So pls, if anybody at Intel is listening... re-though that SSE4 and ADD all the DX10 shader instructions to that.

Techno+ · Nov 22, 2006

hey hammer read this

http://arstechnica.com/news.ars/post/20061119-8250.html

the last part says 'Both of these steps pave the way for the introduction of GPU-specific extensions to the x86 ISA, extensions that eventually will probably be modeled to some degree on the ISA for the existing ATI hardware. These extensions will start life as a handful of instructions that help keep the CPU and GPU in sync and aware of each other as they share a common socket, frontside bus, and memory controller. A later, stream-processor-oriented extension could turn x86 into a full-blown GPU ISA.'

now u know what will happen .IMO eventually the CPU will have instructions similar to those of the GPU, just like what happened with the FPU, and i dont really know what he meant by that phrase about the x86 stream oriented GPU ISA, does he mean better communication between the CPU and GPU, or integrating GPU-like instructions into the CPU.

Arun · Nov 22, 2006

I think you are MASSIVELY misunderstanding why GPUs are good at math - and why they'll get even better at it than CPUs could ever dream of.
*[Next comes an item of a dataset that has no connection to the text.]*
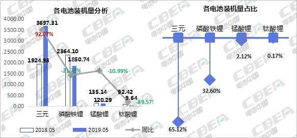 磷酸铁锂呈回暖趋势,国轩高科技术优势凸显从动力电池种类来看,2019年5月配套的三元动力电池装机量约3.7GWh,同比增长92.07%,环比下降1.75%,这一现象受乘用车市场产量下滑所致,市场占有率较上月下降了近5个百分点;相反,本月磷酸铁锂装机量为1.85GWh,市场占有率较上月增长近3个百分点,其原因主要配套在专用车领域的磷酸铁锂电池在增长。
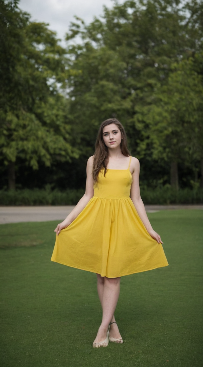 An unposed photo of full body portrait of a stunningly beautiful young woman, wearing a yellow dress, aperture f/1.6, ISO 32, shutter speed of 1/1224s

Dot products and SF are only a small part of that; the icing on the cake, if you wish.

Furthermore, I think you'll agree it's ironic that you're taking dot products so seriously here, because both NVIDIA and Intel (in the G965) have already gotten rid of it for this generation. The trend is towards GPUs becoming completely scalar (for math operations, at least!), and ATI will follow up sooner or later. This makes sense because the ALUs can remain SIMD internally anyway; they just process 16 pixels/vertices per ALU, with the same instruction. (32 threads with the same instruction for pixels, actually!)

GPUs are also moving towards out-of-order processing, although in a less sophisticated way than CPUs, and with basically no runtime overhead. The first scheme used is out-of-order processing of threads to hide latency; you can think of this as a massively beefed up HyperThreading scheme, although with hundreds cores and thousands threads!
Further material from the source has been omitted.